Just before we start I want to draw your attention to the wonderful work at the back of the room. This is Blanche Ellis who is live drawing the work today, and if you have things you want Blanche to include, let her know. We’re really pleased to have this visual representation of all the talks that are going to happen today so that we can share them later. And I think with all of these kinds of nuanced debates it’s really important to try and have lots of ways of representing them so that it comes from different voices, but also different ways of portraying these points - not just speech, not just text, but also visual and through the arts.
So, just to give you an idea, we’re going to have an hour and fifteen minutes. I’m chairing the panel but I’m also going to speak for ten minutes as well – I’ll speak for 10 minutes, then we’re going to have Pauline, then Paul, then Ellen and then we’ll see if we have any points arising from what we’ve heard to discuss, and if we do, we’ll have that discussion, and then after that there’ll be questions from the floor and we would love to hear everyone’s input and feedback.
So my starting point for this – in this case came from a place, I guess, of creative work. I’d been working in the industry for ten years / fifteen years myself and had experienced all of these little subtle things in terms of inequality. And one in particular really got me to the point where I was furious and I thought, "Actually, I don’t think there’s anything I can practically do about this", so I decided that I would write a piece of music about it and that every time I performed that piece of music that it would be some way of just letting out the frustration that I was feeling.
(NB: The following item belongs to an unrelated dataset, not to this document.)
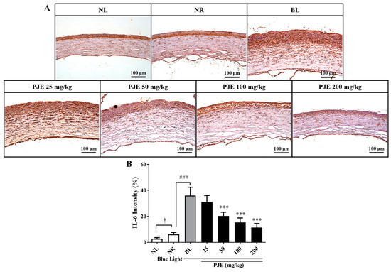Immunohistochemical analysis of IL-6 expression during corneal wound healing after treatment with PJE under blue light irradiation. (A) Representative immunohistochemical staining images for IL-6 in corneas at 48 h acquired at 200× magnification. (B) The intensities of the stained areas were calculated, and the data are presented as the means ± SDs. † p < 0.05 compared to NL; ### p < 0.001 compared to NR; *** p < 0.001 compared to BL.

So I went ... I started to write that and then I thought, "Well, what if it isn’t just me, what if I don’t use this as just my voice, I don’t have to be just one voice complaining, I could maybe include the voices of many other people because that will give weight to the argument." So I asked for submissions of stories online and I got quite a lot of those stories, it seemed to me that they were coming out in different themes, these were from very, very subtle things that you could easily explain away if you heard them, but they ranged right up to a lot more serious things, sexual assault and harassment at the very… more serious end of that scale. So I then felt as though some people really did feel they like they could not share these very publicly – one of the stories I got in was "I wish I could tell you what happened but I can’t" and I thought that was really powerful as well. So as FairPlé then went ahead, we’ve developed this into a more robust research project.
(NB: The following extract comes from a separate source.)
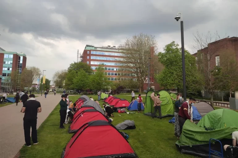 أعلن طلاب في جامعة أدنبرة ووارويك ومانشستر انضمامهم لحراك التخييم الجامعي، على غرار ما يجري في الولايات المتحدة، تضامنا مع غزة في مواجهة الحرب الإسرائيلية المستمرة منذ حوالي 7 أشهر. وقال طلاب مشاركون بالحراك من جامعة مانشستر -في رسالة إلكترونية تلقتها الجزيرة نت- إنهم لن يغادروا المخيم قبل تلبية طلباتهم.

So I’m going to make 6 points today and then maybe have some suggestions for what we might do to move forward and I’ll try and illustrate those along the way with some stories.
So the first thing I want to say today is to address the fact that some people don’t actually realise that this is real, both the topic of sexual harassment and the fact that gender affects people’s experience of playing or experience in traditional music. Sexual assault and harassment does happen in our music industry, and yes, in the corner of our industry that is traditional and folk music.
So I’ll just read two of the stories that have come in on that topic. “A well respected, well established traditional musician sat beside me at a session and put a hand on my leg and told me 'You’re looking well.' I asked him to take his hand from my leg and he mocked me. The same man, at another festival, snapped my bra in a session. In another instance, a local musician in a town I was visiting pulled me down into his lap as I walked passed and asked me to play a tune."
Second story and I quote “I met my all-time fiddle hero at 16 and I was in complete awe. I managed to get sitting next to him at a session that night, and I was so excited to get to hear him play, and play with him. As the night went on he continually felt my thigh in full view of the entire bar. I was 16, I was gutted, never meet your heroes”. So there are many, many more examples of those that are coming in through the research project, those are just two.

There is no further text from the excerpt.